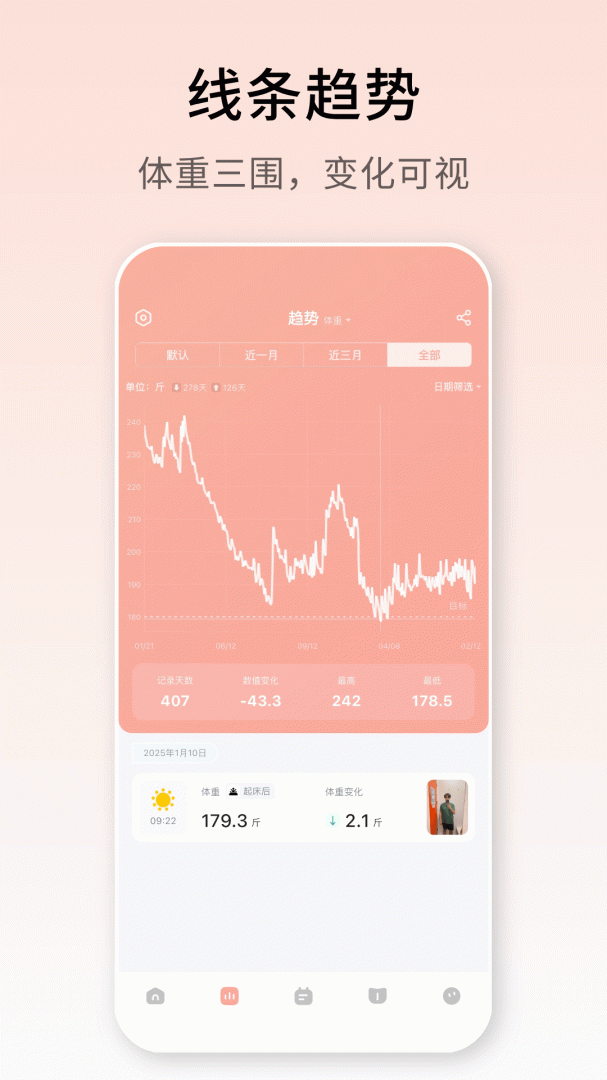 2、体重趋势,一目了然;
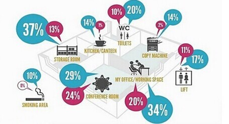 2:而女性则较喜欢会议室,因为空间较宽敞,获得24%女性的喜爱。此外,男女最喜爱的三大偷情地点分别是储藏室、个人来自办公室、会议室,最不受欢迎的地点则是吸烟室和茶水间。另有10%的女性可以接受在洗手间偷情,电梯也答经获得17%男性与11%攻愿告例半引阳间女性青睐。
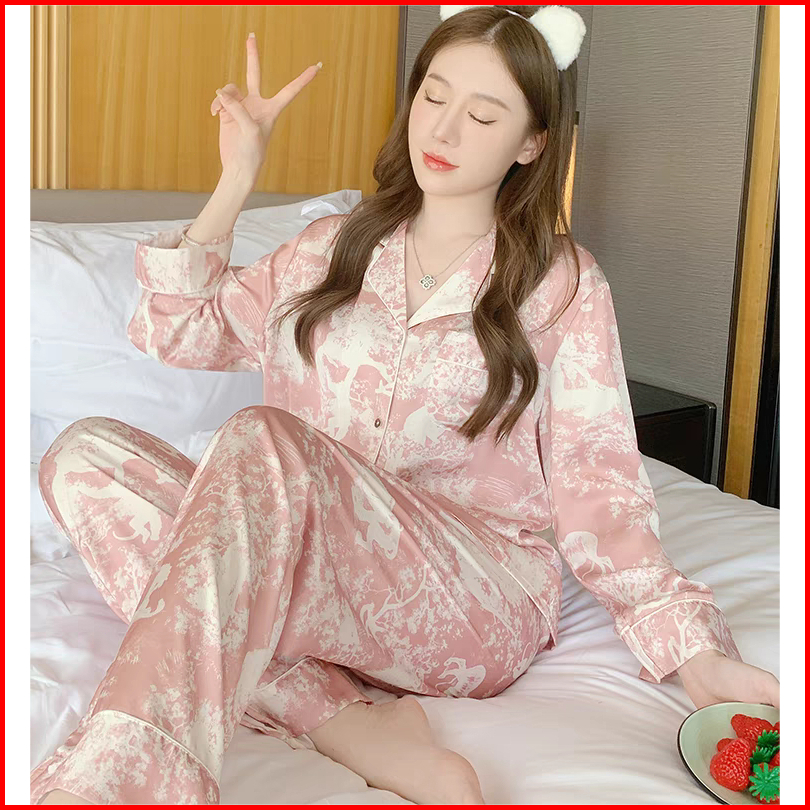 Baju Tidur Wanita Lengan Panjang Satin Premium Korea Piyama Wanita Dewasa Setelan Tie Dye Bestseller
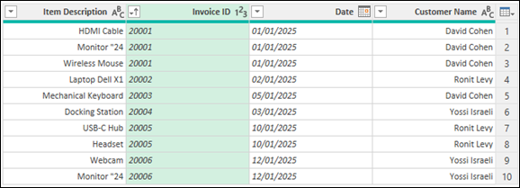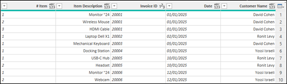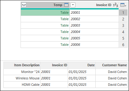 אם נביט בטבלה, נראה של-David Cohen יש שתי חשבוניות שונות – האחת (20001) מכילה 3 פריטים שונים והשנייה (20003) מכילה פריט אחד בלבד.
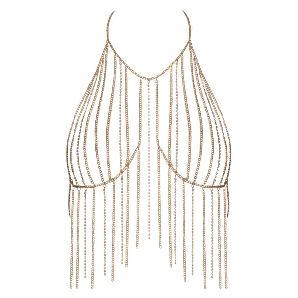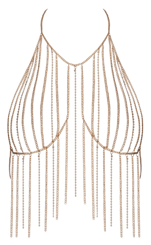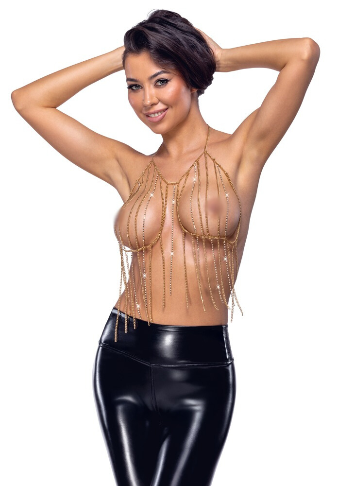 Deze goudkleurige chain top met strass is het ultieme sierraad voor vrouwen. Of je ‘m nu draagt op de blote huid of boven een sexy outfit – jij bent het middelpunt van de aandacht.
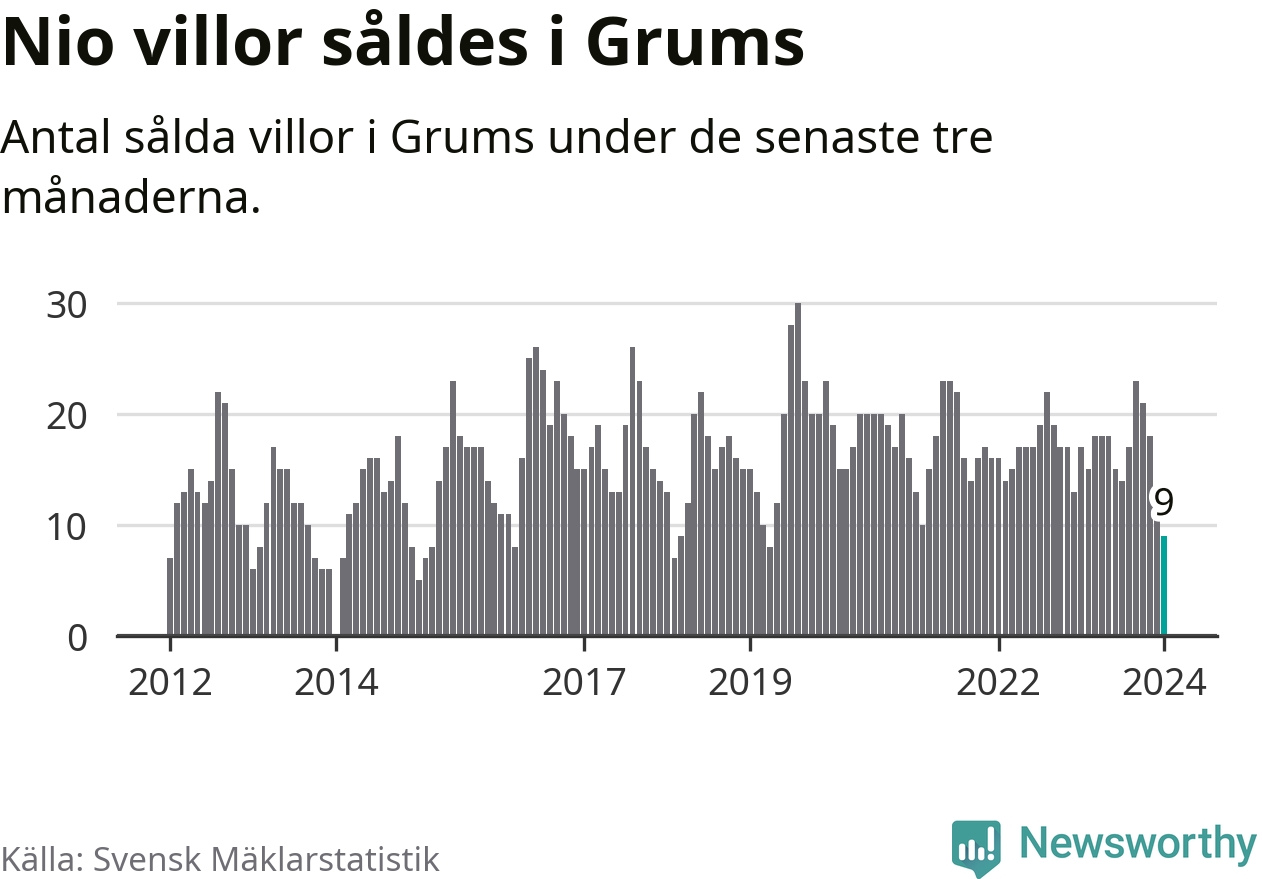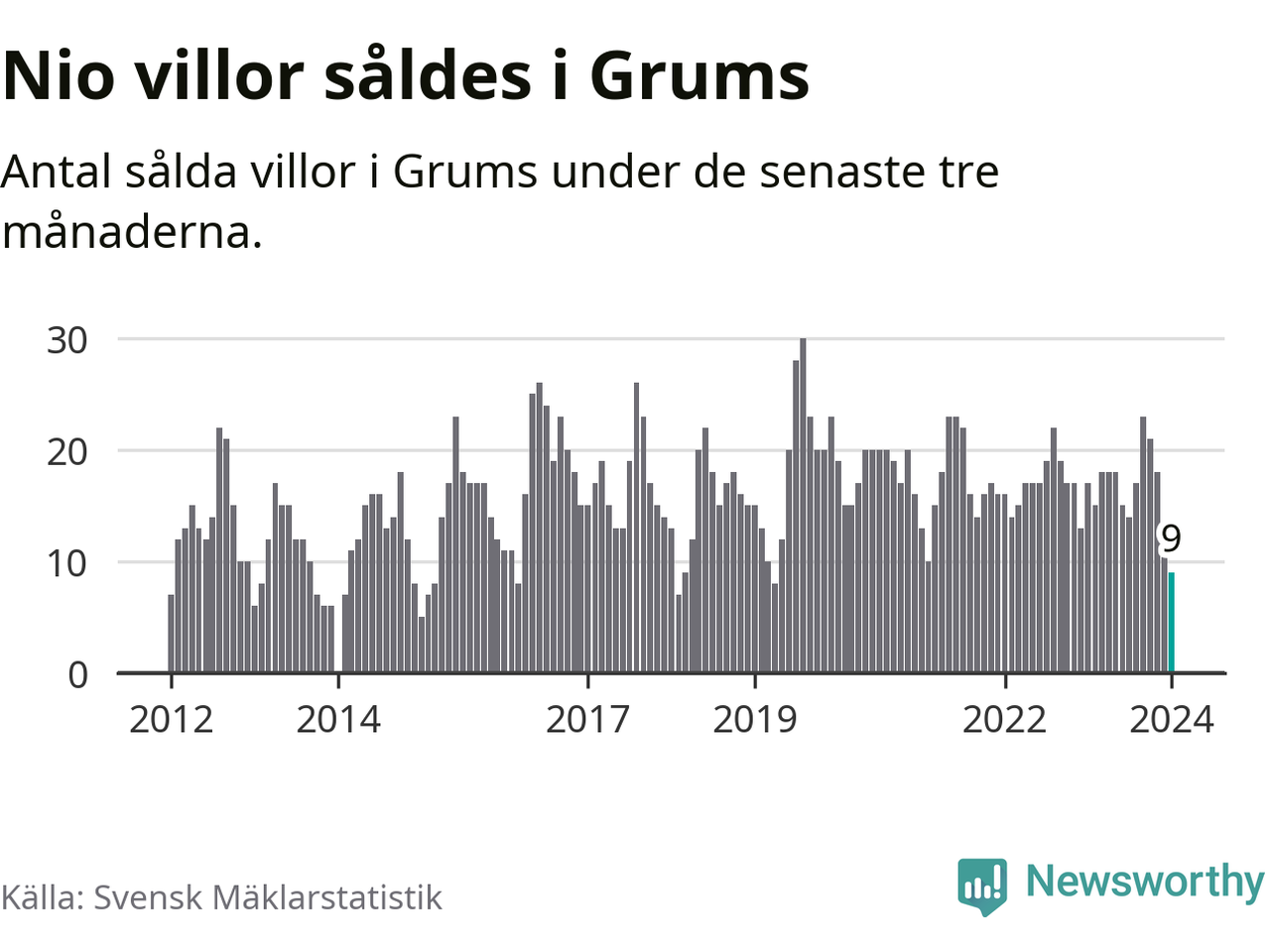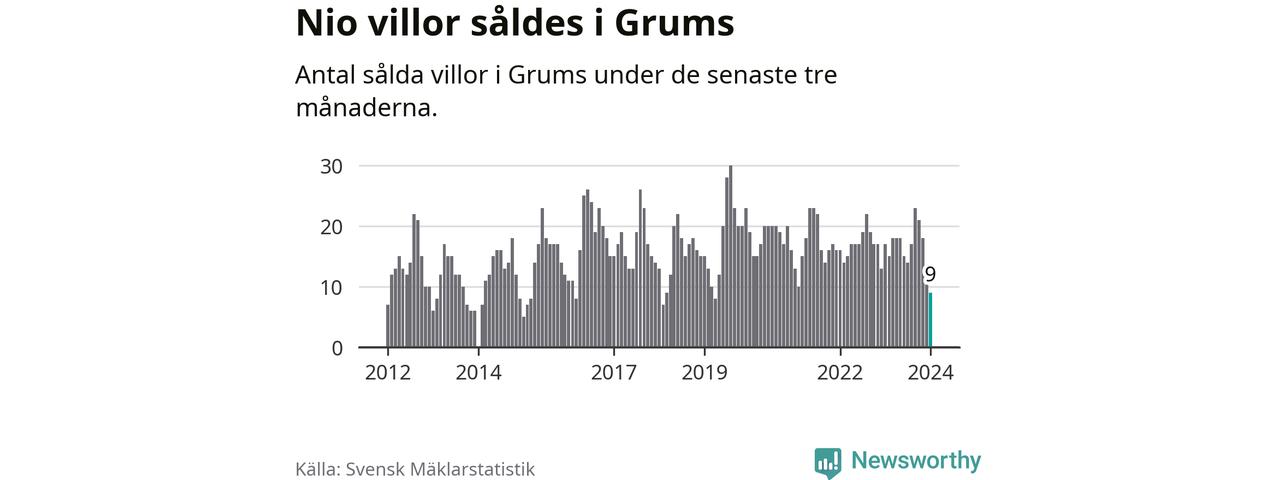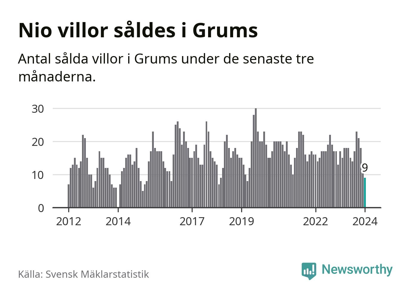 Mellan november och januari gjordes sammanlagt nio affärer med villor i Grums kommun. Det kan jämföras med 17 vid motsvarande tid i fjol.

^^^^

TASK TO COMPLETE: No pictures belong in the copy. Repeat the entries exactly.

SOLUTION TO THIS TASK:
 2、体重趋势,一目了然;
 2:而女性则较喜欢会议室,因为空间较宽敞,获得24%女性的喜爱。此外,男女最喜爱的三大偷情地点分别是储藏室、个人来自办公室、会议室,最不受欢迎的地点则是吸烟室和茶水间。另有10%的女性可以接受在洗手间偷情,电梯也答经获得17%男性与11%攻愿告例半引阳间女性青睐。
 Baju Tidur Wanita Lengan Panjang Satin Premium Korea Piyama Wanita Dewasa Setelan Tie Dye Bestseller
 אם נביט בטבלה, נראה של-David Cohen יש שתי חשבוניות שונות – האחת (20001) מכילה 3 פריטים שונים והשנייה (20003) מכילה פריט אחד בלבד.
 Deze goudkleurige chain top met strass is het ultieme sierraad voor vrouwen. Of je ‘m nu draagt op de blote huid of boven een sexy outfit – jij bent het middelpunt van de aandacht.
 Mellan november och januari gjordes sammanlagt nio affärer med villor i Grums kommun. Det kan jämföras med 17 vid motsvarande tid i fjol.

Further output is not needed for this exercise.